California’s prison realignment effort has drawn up a complicated matrix of detention options for felons, and with it a lot of confusion about which ones can vote. It’s the subject of a lawsuit alleging the state has unconstitutionally stripped nearly 60,000 Californians of their right to vote. The American Civil Liberties Union of California and Lawyers’ Committee for Civil Rights of the San Francisco Bay Area filed the petition in Alameda County Superior Court on Tuesday. The suit is on behalf of the League of Women Voters of California and three individuals who cannot vote under new rules enacted in response to realignment. The state constitution prohibits from voting people who are “imprisoned or on parole for conviction of a felony.” The language was clear when offenders fell under two categories: the state’s responsibility or a California county’s responsibility.

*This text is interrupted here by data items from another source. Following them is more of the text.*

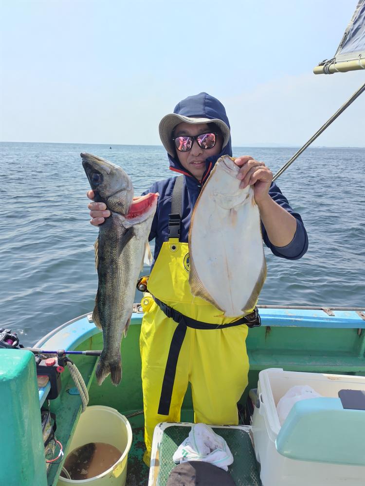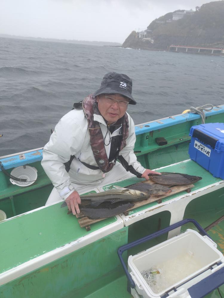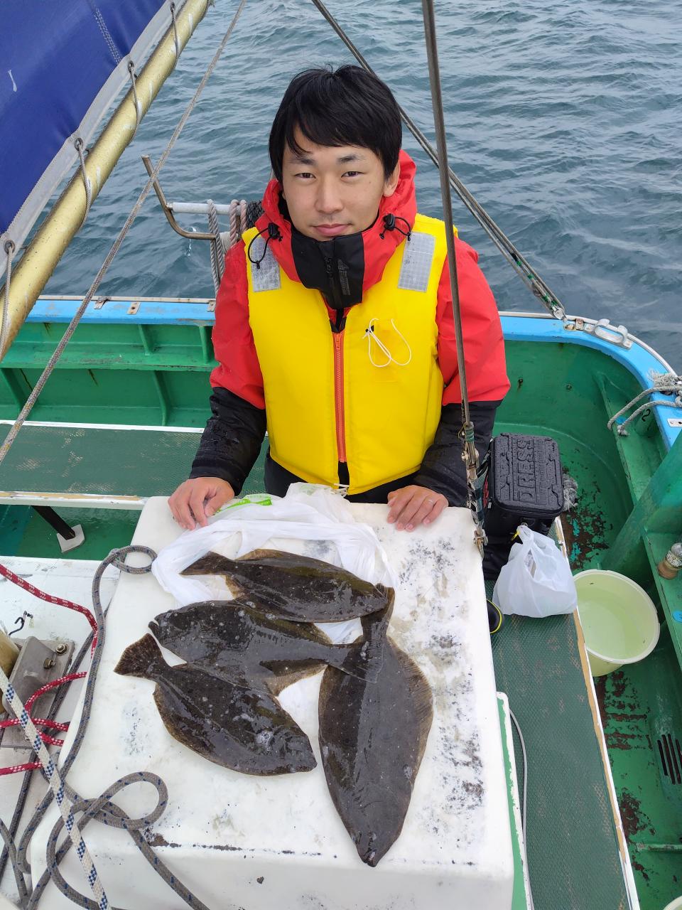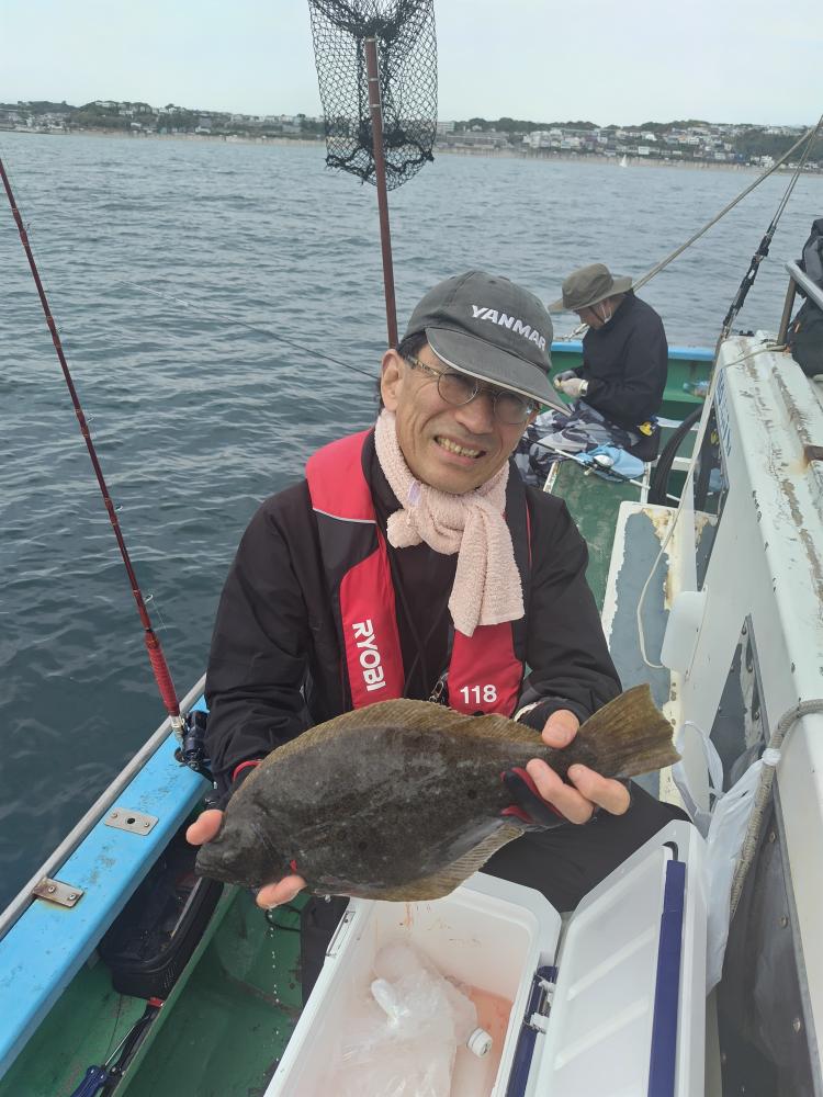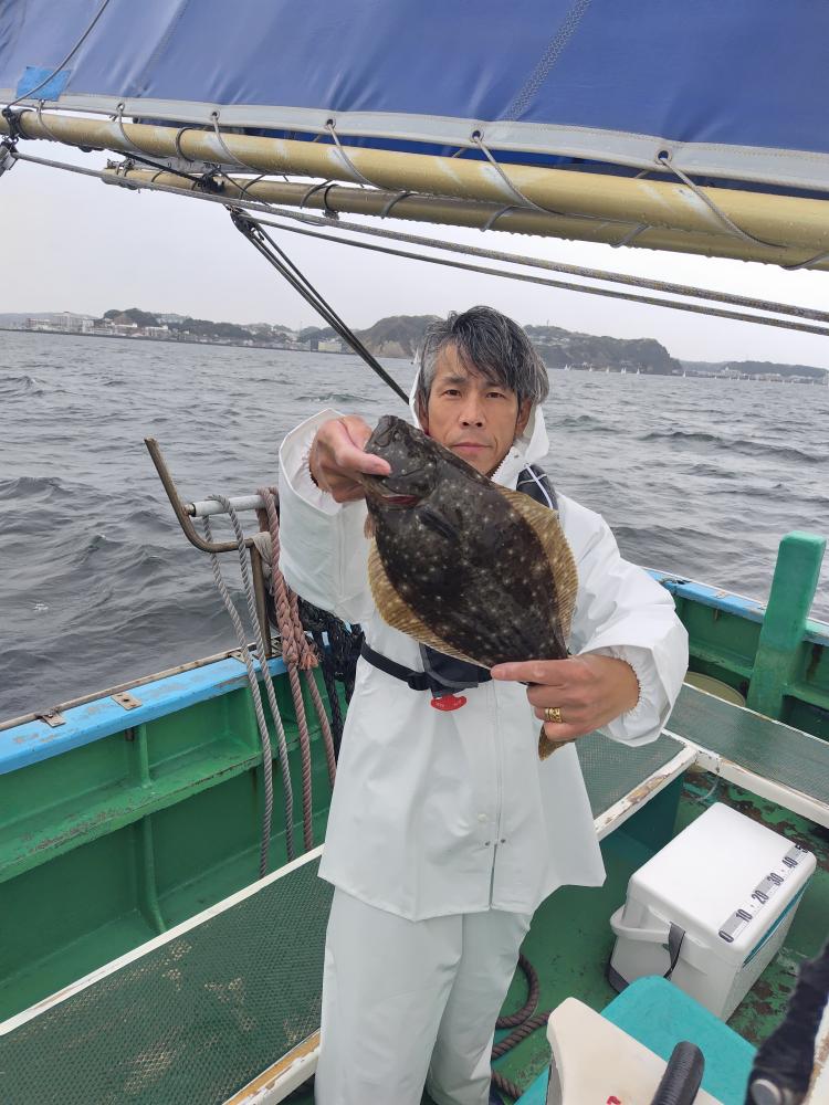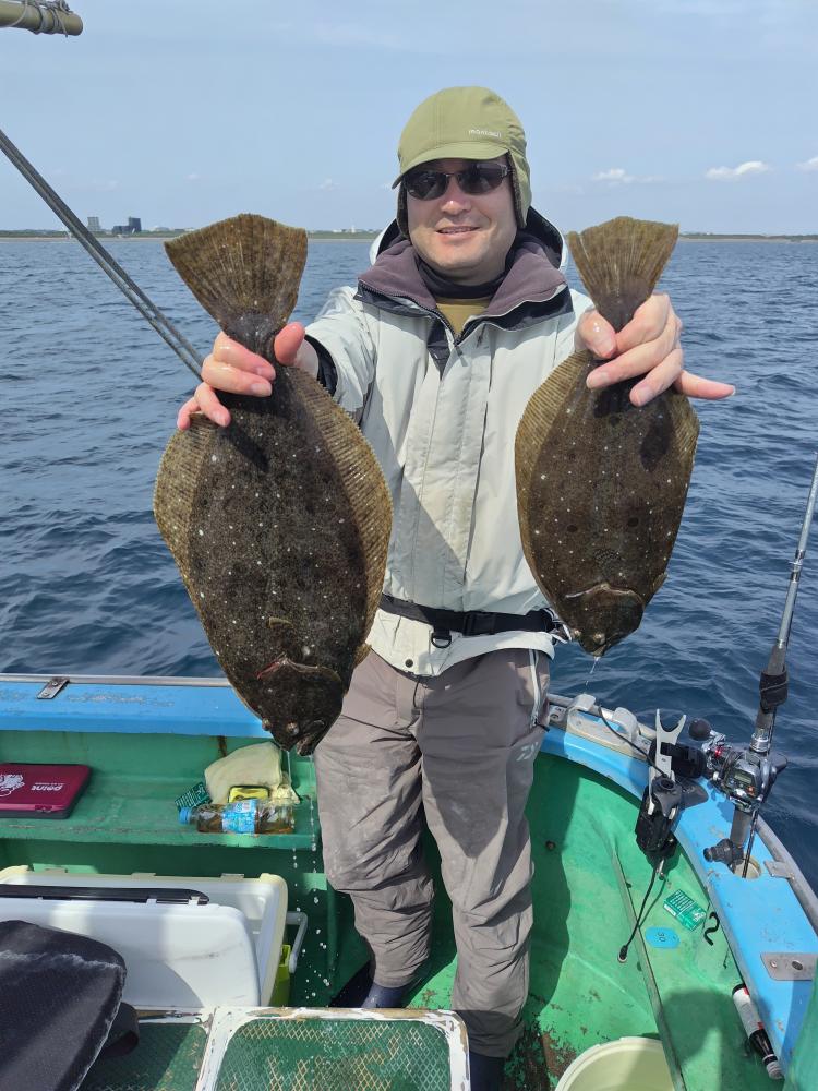 今日はシケ後でどうかと思いましたがアチラコチラのポイントベイト反応ありいい流しはたまにヒットしてくれ何となく各ポイントいる感じでした。トップ5枚断トツ、2番手3枚、1枚4名様で船中12枚とここ最近では良かったというか…今日は慣れてるお客様がいてアタリ出してくれたので釣れたようなもんです。お二人様以外のお客様は中々アタリ出せずでした。スズキ、イネゴチ交じり。これから餌買いに行きますので明日のチャレンジお待ちしておりますので宜しくお願い致します 3.1 2.8キロ良型ゲット。明日は雨、風お昼位まで持ちそうです、シケ前の何CHARAあればいいのですが。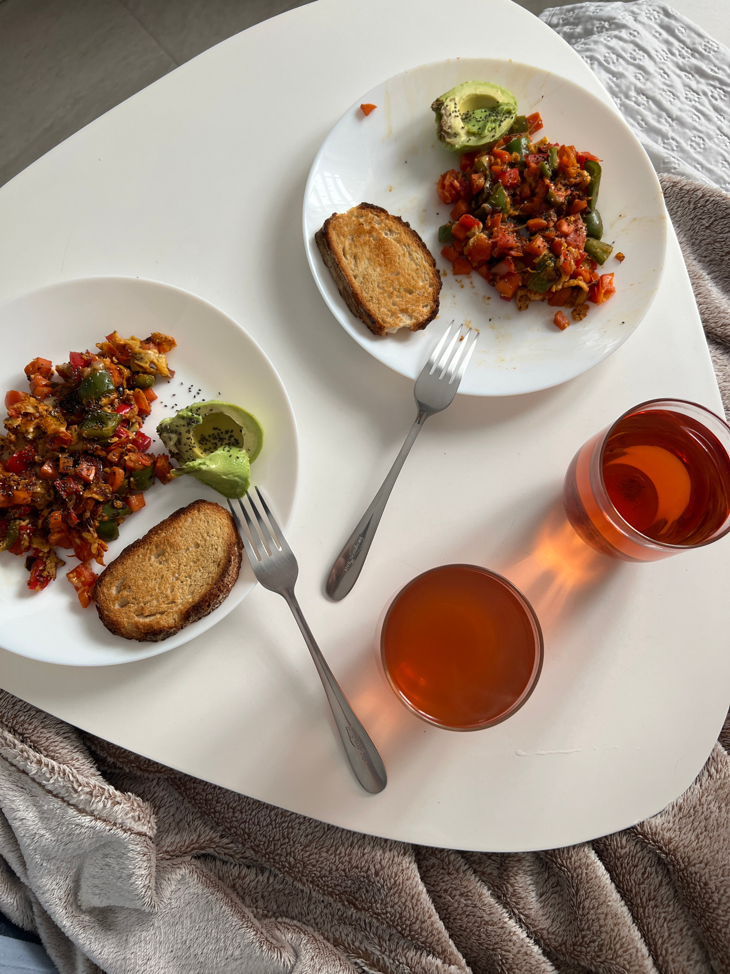 Two plates of food, two glasses of liquid, and two forks rest on a small white table. Each plate contains a portion of vegetable hash, a half avocado with seeds, and a slice of toast. The glasses appear to contain a light-colored beverage. A light-colored blanket is partially visible in the background. The image was likely taken indoors. There is no indication that the photo was taken in Mogán, Spain. | Open Wire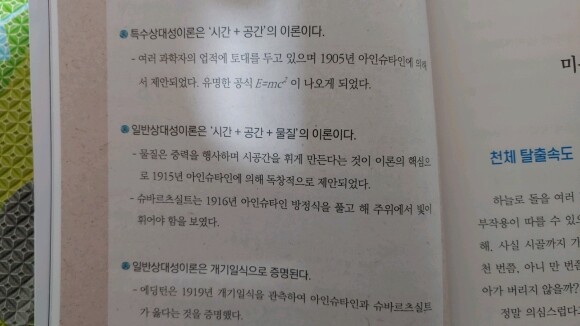 이 책은 총 6개의 장으로 구성되어 있습니다. 1장에서는 우주를 이해하기 위한 필수 이론인 아인슈타인의 상대성 이론에 대한 설명입니다. 우주에서의 중력은 휘어진 시공간이라 할 수 있기에 이를 독자 눈높이에 맞춰 쉽게 설명하고 있습니다.
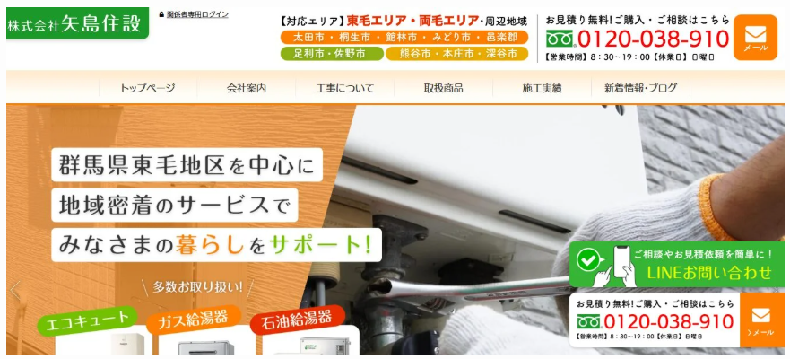 株式会社矢島住設住所:〒373-0852 群馬県太田市新井町520-18受付時間:8:30~19:00(休日:日曜日)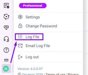 The logfile in Orcanos enables you to view the list of the error log in the application.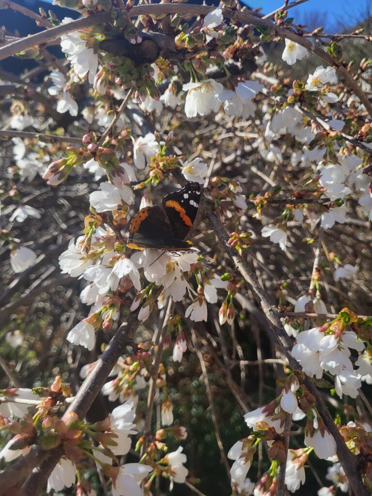 Here in Michigan April can be crazy in terms of weather. Some days it is 70 and sunny. Other days it is 30 and snowing. After a long winter when those warm days hit everyone is outside soaking up the rays. Our front tree was blooming, and covered in butterflies and bees. One day Aubrie decided we needed to have a picnic outside, and I wasn’t going to say no (she is pretending to be a cat).
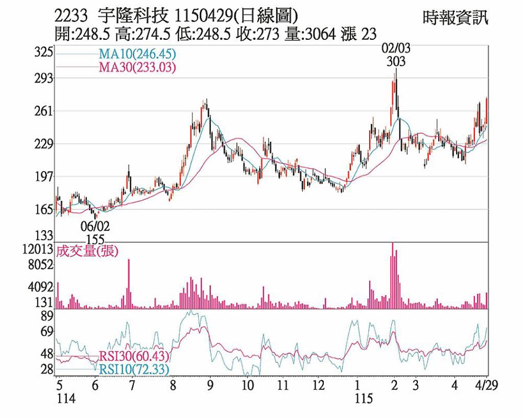 宜鼎(5289)3月營收56.72億元,創新高,月增35.8%,年增484.8%;今年首季營收131.82億元,為歷來單季最佳,季增174%,年增逾四倍。在記憶體價格漲勢持續下,法人預測未來NAND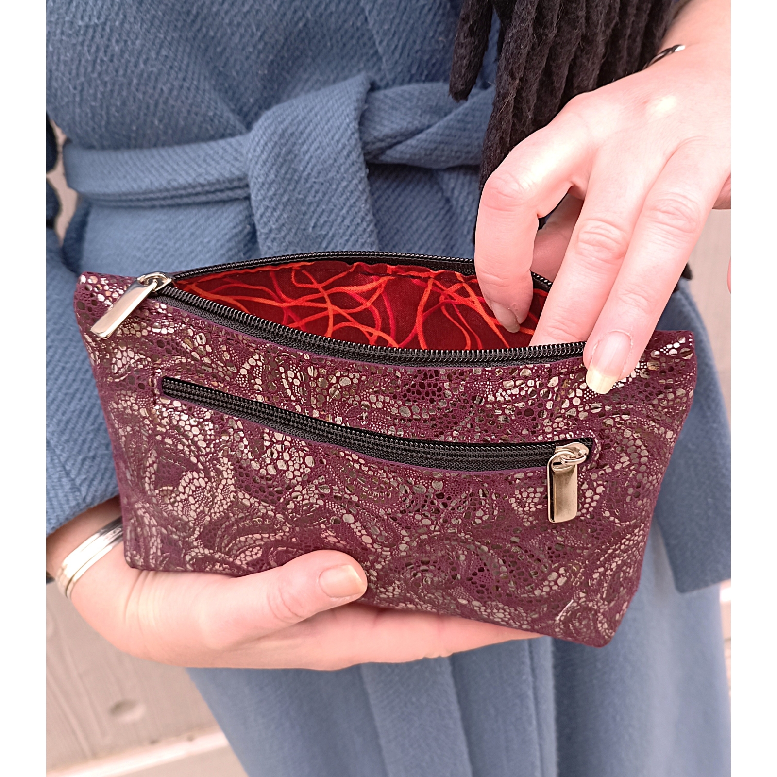 Pochette fourre tout, trousse à maquillage, à couture, réalisée en cuir souple nubuck prune imprimé d'arabesques

But realignment has created a hybrid system, putting low-level felons who would have otherwise gone to prison under county supervision, through jail or probation.
Secretary of State Debra Bowen issued a memo in 2011 saying those in the new class of offenders can’t vote. It’s the same sentence; it’s just happening in a different place, according to Bowen.
But ACLU attorney Michael Richer contends it is a different sentence — one that reflects the state’s deliberate swing away from harsh sentencing.
“This directive really stands in the face of realignment’s objectives,” Richer said. “Realignment was intended to reject our old, failed policies of putting more and more people in prison, then on parole, violating these people and then cycling them back through the system.”